- ABOUT THIS TASK -
The full listing, exactly as written and with no images, is the expected output.

- RECORDED DATA -
━━━━━━━━━━
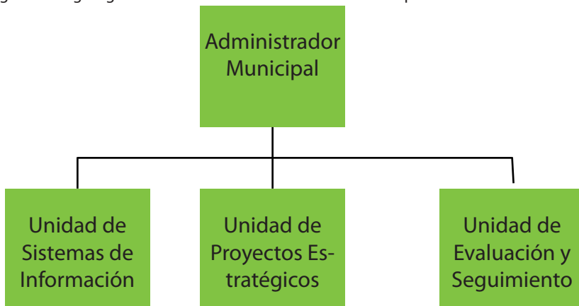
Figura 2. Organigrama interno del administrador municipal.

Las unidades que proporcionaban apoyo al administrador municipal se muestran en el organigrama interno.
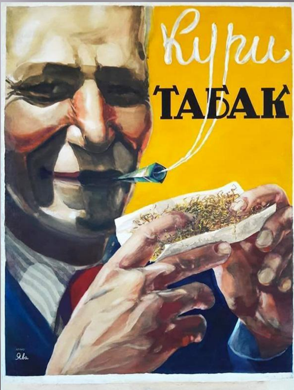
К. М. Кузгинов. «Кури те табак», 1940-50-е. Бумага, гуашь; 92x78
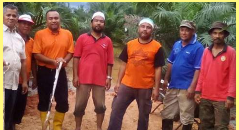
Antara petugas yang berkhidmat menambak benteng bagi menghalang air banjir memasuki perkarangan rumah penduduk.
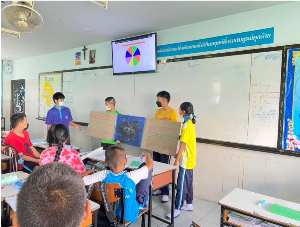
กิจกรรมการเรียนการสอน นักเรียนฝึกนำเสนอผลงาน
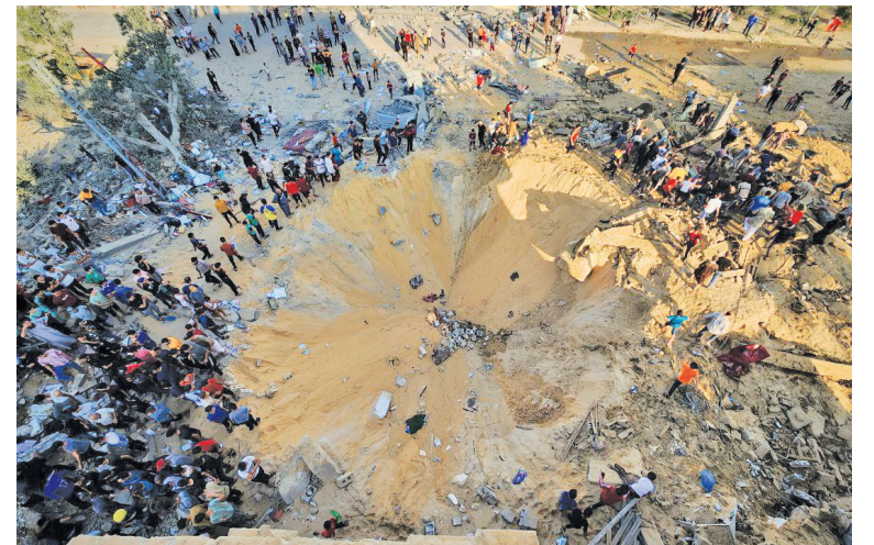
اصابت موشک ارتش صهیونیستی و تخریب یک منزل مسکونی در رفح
━━━━━━━━━━
- ANSWER AREA -
Figura 2. Organigrama interno del administrador municipal.

Las unidades que proporcionaban apoyo al administrador municipal se muestran en el organigrama interno.
К. М. Кузгинов. «Кури те табак», 1940-50-е. Бумага, гуашь; 92x78
Antara petugas yang berkhidmat menambak benteng bagi menghalang air banjir memasuki perkarangan rumah penduduk.
กิจกรรมการเรียนการสอน นักเรียนฝึกนำเสนอผลงาน
اصابت موشک ارتش صهیونیستی و تخریب یک منزل مسکونی در رفح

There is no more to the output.